Although the plan sponsor and payroll provider are responsible for the initial data capture, Ted Schmelzle, vice president of retirement plan services at The Standard, says that strong, consistent three-way communication between the payroll provider, the employer and the recordkeeper is essential for a successful rollout.
“This change is multi-faceted and extremely complex. Multiple entities and systems are affected,” Schmelzle says. “Communication will be key.”
As for if the industry has enough time to make the change, Schmelzle says, “We’re seeing questions from employers and payroll providers that indicate further time to implement would be welcome.”
Meanwhile, Hardy says there is “absolutely” still time to prepare for this 2026 change if teams have not already begun—and warns that corrections after the fact are where things could get expensive.
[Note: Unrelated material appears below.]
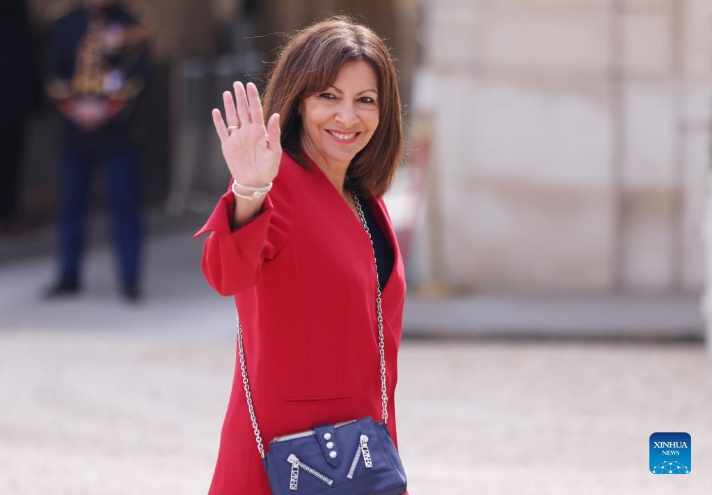 Mayor of Paris Anne Hidalgo arrives at the Elysee Palace to attend the investiture ceremony of Emmanuel Macron as French President in Paris, France, May 7, 2022. Macron won the second round of the election held on April 24 with an absolute majority of 18,768,638 votes (58.55 percent of the valid ballots cast). According to law, Macron's second term must begin no later than May 14. (Xinhua/Gao Jing)

Will This Change Saver Behavior?
Recordkeepers expect more participants will encounter Roth options in 2026 and will need education on the differences between Roth and pre-tax contributions. While Roth contributions can be especially beneficial early in a participant’s career—particularly if they anticipate higher earnings in the future—few participants actively choose this option.
In 2025, almost 80% of plan sponsor (79.8%) respondents to the 2025 PLANSPONSOR Defined Contribution Survey offered participants the option of making Roth contributions. According to a separate survey by the Plan Sponsor Council of America, among participants with access, 21% chose to make Roth contributions.
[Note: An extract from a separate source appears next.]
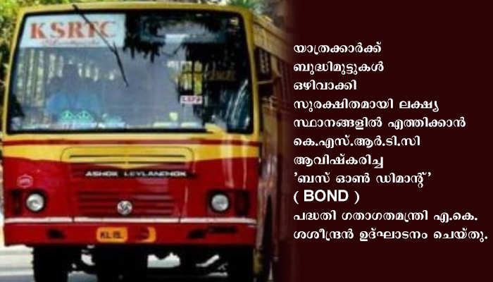 തിരുവനന്തപുരം: യാത്രക്കാര്ക്ക് ബുദ്ധിമുട്ടുകള് ഒഴിവാക്കി സുരക്ഷിതമായി ലക്ഷ്യ സ്ഥാനങ്ങളില് എത്തിക്കാന് കെ.എസ്.ആര്.ടി.സി ആവിഷ്കരിച്ച ‘ബസ് ഓണ് ഡിമാന്റ്’ ( BOND ) പദ്ധതി ഗതാഗതമന്ത്രി എ.കെ. ശശീന്ദ്രന് ഉദ്ഘാടനം ചെയ്തു.

Jim Kais, head of group retirement at Equitable, says he expects a flood of Roth inflows among high earners by necessity due to the rule change, but he does not expect a broad “trickle-down” shift among others, absent stronger nudges and clearer guidance. He says inertia still rules much of participant behavior.
Kais also notes that some sponsors could technically stop offering catch-up contributions rather than add Roth, but he would be “very surprised” to see that choice; most will keep the feature and comply.
While the change might force many individuals to manage multiple accounts within their overall retirement savings, 401Go’s Hardy says that “retirement accounts are still a great option for individuals navigating multiple or separate accounts.”
To Do List
Technically, regulators have promised good-faith flexibility for the 2026 rollout, with full enforcement of the Roth changes set to start in 2027. Nonetheless, multiple sources recommend that plan sponsors and payroll teams make sure Roth contributions are allowed in both their plan documents and recordkeeping systems, and ensure any needed updates are made.
Recordkeepers also recommend an early 2025 wage report (using W-2 Box 3 FICA wages) to identify affected employees; set up payroll codes to clearly separate Roth catch-ups from other contributions; and decide whether to require a separate catch-up election or apply Roth automatically for high earners. These choices should then be communicated clearly to employees, especially those newly affected by the rule.
Recordkeepers say they plan to ensure their systems can handle Roth catch-up contributions, correctly identify eligible employees, provide clear participant education and have processes in place for handling any payroll errors.
Recordkeepers note that the most significant—and most preventable—expense in managing complex changes is post-payroll clean-up, such as recharacterizations, lost earnings or make-up contributions. Submitting accurate data to the recordkeeper the first time allows plan sponsors to avoid these costly corrections.